Comment rendre possible un accès universel à l’eau dans les pays en développement, face aux menaces telles que l’urbanisation, la démographie, les changements climatiques ?
L’accès universel à l’eau potable ne se produira pas par hasard. Dans un monde qui s’urbanise et dont la population croit, de moins en moins de personnes peuvent trouver de l’eau potable par elles-mêmes. Les solutions sont forcément collectives et passent par des politiques publiques qui ciblent cet accès universel.
Ces politiques doivent bien entendu affronter les difficultés techniques ou économiques, mais le déterminant essentiel est la priorité donnée à ce sujet dans les politiques nationales et locales. Dans des pays de niveau de développement économique similaire, la proportion de la population qui bénéficie d’un bon accès à l’eau potable peut varier énormément. Mais la proportion de leurs PIB respectifs qu’ils consacrent à la gestion de l’eau diffère aussi énormément d’un pays à l’autre : du simple au quadruple ! C’est tout l’enjeu des Objectifs du Développement Durable. Il s’agit d’identifier les objectifs prioritaires pour le monde et ensuite par cohérence d’en faire des priorités politiques et budgétaires dans chaque pays, alors que c’est loin d’être le cas aujourd’hui pour tous les grands enjeux retenus.
Dans la moitié rurale du monde, tous les indicateurs d’accès à l’eau et à l’assainissement sont au vert. La population qui n’a pas accès à des services satisfaisants est en nombre décroissant. Ce n’est malheureusement pas le cas de la moitié urbaine du monde : en moyenne dans les villes, les infrastructures publiques n’arrivent pas à se développer aussi vite que la croissance démographique. La course-poursuite entre les deux est aujourd’hui perdue par les politiques publiques (en moyenne mondiale) et il faut trouver le moyen de renverser cette tendance.

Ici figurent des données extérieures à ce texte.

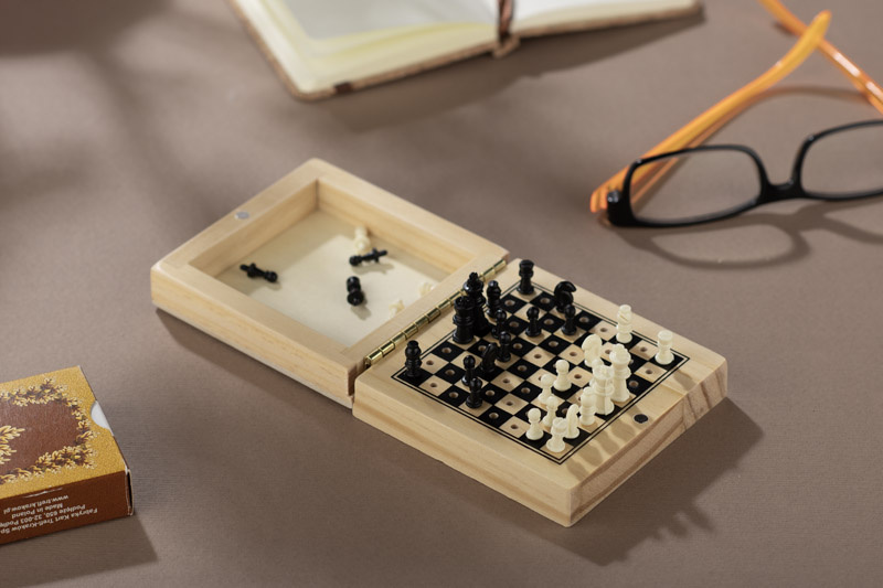 Szachy drewniane ILDE wyposażone są w wtykane pionki, które zapewniają stabilność podczas transportu, eliminując ryzyko ich wypadania.

Dans un monde où malheureusement la population habitant en bidonville ne cesse d’augmenter, la seule façon d’assurer l’accès universel est d’avoir des politiques urbaines qui ciblent simultanément les zones de développement structurées où les habitants s’installent après la création des infrastructures publiques, et les zones de développement informel où les habitants s’installent avant toute autre chose.
Alimenter les bidonvilles en eau est possible, j’en ai fait l’expérience personnelle en de nombreux endroits. Encore faut-il le vouloir et trouver le moyen de surmonter les obstacles juridiques ou institutionnels qui souvent interdisent aux opérateurs d’y mettre les pieds. La mise en œuvre du droit de l’homme à l’eau potable exige que les autorités publiques ne se contentent pas d’invoquer les questions de propriété privée du terrain ou de destination de celui-ci à un investissement public ou encore de son caractère de zone dangereuse pour faire l’économie d’un service public même temporaire dans toutes les zones d’habitations même informelles.